Chaos Engineering helps PayerMax to achieve 99.99% system availability and enhanced the global merchant payment experience extensively

Learn how PayerMax uses the Chaos Engineering of Amazon Web Services combined with expert resources to improve service reliability and response time, enabling a more stable and smooth payment experience for global merchants.

70%

The frequency of system failures was reduced by approximately 70% year over year

80%

Failure recovery time reduced by approximately 80% year over year

99.99%

System availability increased to over 99.99%

50%

The customer complaint rate decreased by more than 50% year over year

Overview

PayerMax is a fintech company rooted in emerging markets with a global business layout. It is dedicated to establish a professional global online payment solutions to provide merchants with a safer and more convenient one-stop payment experience. Currently, PayerMax has covered mainstream local payment methods in emerging markets such as Southeast Asia, the Middle East, Latin America, and Central Asia. PayerMax enhances the payment experience of global merchants by optimizing the core system and improving the stability and reliability of payment services to better support the continuous growth of business scale and transaction volume. PayerMax implements Chaos Engineering based on Amazon Web Services to identify risks in the payment system and verify whether the fault has been resolved after the problem is addressed. In this project, PayerMax's main resources and services included: Amazon Web Services Resilience Analysis Framework, AWS Fault Injection Service (AWS FIS), Amazon CloudWatch, Amazon EventBridge, Amazon Simple Notification Service (Amazon SNS), etc.

payermax

Opportunity | To cope with the rapid expansion of financial payment transaction volume and scale, PayerMax uses Chaos Engineering to improve system stability

As a global cross-border payment solution provider, PayerMax is deeply involved in emerging overseas markets such as Southeast Asia, the Middle East, Latin America, and Central Asia to provide competitive one-stop financial payment solutions. These solutions cover global acquisition, payment, and payout services in the fields of digital entertainment, gaming, e-commerce, internet finance, distance learning, etc.

With the growth of the business and the expansion of the scale of transactions, the acquisition and payout business processes for cross-border payments are long, and the service invocation involves both the order and the capital process. The links are complicated, and PayerMax's demand for business stability becoming stronger. In the mean while, in order to cover payment methods in various overseas regions and provide customers with a smooth local payment experience, PayerMax agilely iterates and updates, releasing 2 versions per week on average. Therefore, it is essential for PayerMax to maintain a rapid iteration of their system and frequent version release while ensure the stability of the cross-border payment system when transaction volume and scale continue to grow. PayerMax focuses on improving stability in the following 3 areas:

  • Continuously monitors system behavior and discovers system weaknesses, reinforces the system in a timely manner, nips the problem in the bud, and improves the Mean Time To Fail of the system;
  • Improve the ability to detect errors in payment services and quickly recovers from failures, to promptly restore payment services when faults occur;
  • Cultivates a technical culture for engineers to design systems for failure, comprehensively establishes the ability to cope with various incidents, and enhances the payment success rate in complex environments.

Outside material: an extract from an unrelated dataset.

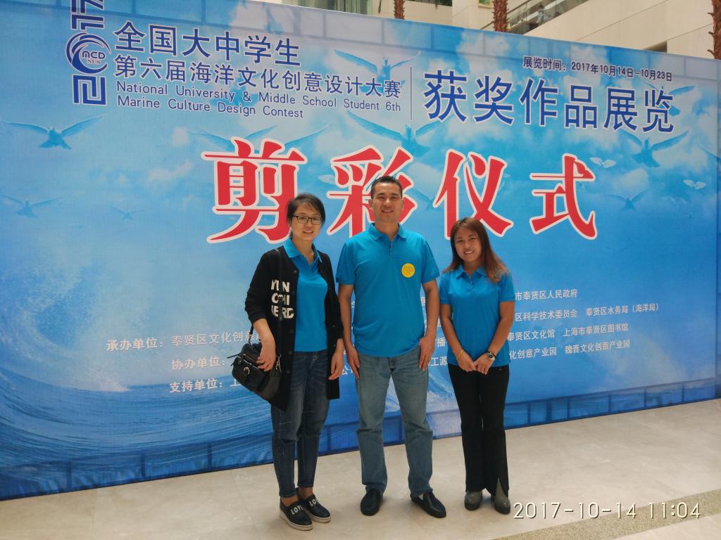 2017年10月14日全国大学生第六届海洋文化创意设计大赛获奖作品颁奖典礼暨获奖作品展在上海市奉贤区隆重开幕。beat365官网传媒学院荣获此次大赛的优秀组织单位奖,并受邀参加大赛颁奖典礼暨2017“智慧海洋”大家谈暨创意设计论坛。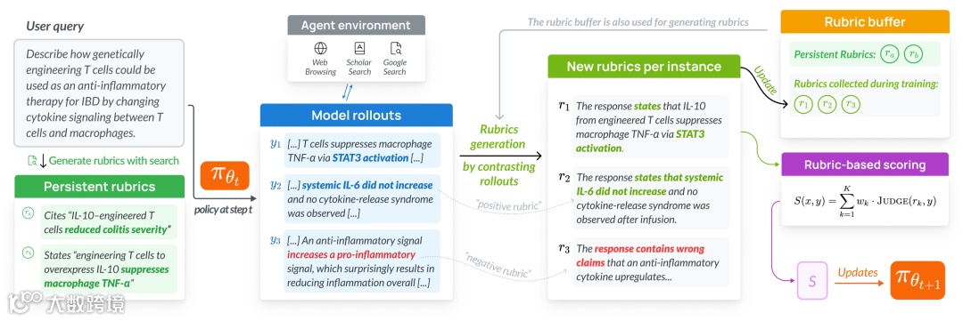 第二阶段为“实战进化”:采用带进化评分标准的强化学习方法。评估AI不依赖静态打分表,而是根据DR Tulu当前生成的多版本答案,动态识别新优缺点并更新评分维度,确保标准始终贴合模型真实能力与最新实证知识。

PayerMax and Amazon Web Services have been working together since 2018. In this 6 years of collaboration, they have gone through multiple sets of environmental isolation construction, security cooperation, multi-cluster construction such as databases and middleware, construction of hot and cold storage, and multi-site deployment. Currently, PayerMax workloads are mainly deployed on Amazon Web Services. After the communication with Amazon Web Services in light of the stated requirements, PayerMax decided to improve reliability based on Amazon Well-Architected and achieve the stability goals by Chaos Engineering.

kr_quotemark

By implementing Chaos Engineering, using Amazon Web Services' best stability-related best practices that have been verified in millions of customers around the world, Amazon Web Services' 'Resilience System Analysis Framework' methodology and expert resources are introduced to PayerMax to help us identify potential weak points in the system in advance, reduce possible losses caused by system stability defects, and effectively exercise the team's ability to identify risks, locate faults, and quickly restore system services. We look forward to further cooperation with Amazon Web Services to jointly protect the stability and reliability of the global financial industry payment network!"

Fu Yangbiao
PayerMax CTO

Solution | From a resilient system analysis framework to a fault injection tool, PayerMax identifies and verifies potential system risks in 16 core subsystems based on Amazon Web Services' Chaos Engineering

Chaos Engineering injects unknown faults into the system, detects potential weak points in the system in advance, checks the robustness of the system, and reduces possible losses caused by system stability defects. Chaos Engineering itself does not solve the stability problem. Instead, it finds out where the system's stability weaknesses or vulnerabilities are. It can perform abnormal tests from different levels, including the entire availability zone level, database level, application level, etc. The final question is: What will bring down the whole business? Fails in server, an availability zone, database, or an application?If the answer is “yes”, then there is a stability risk.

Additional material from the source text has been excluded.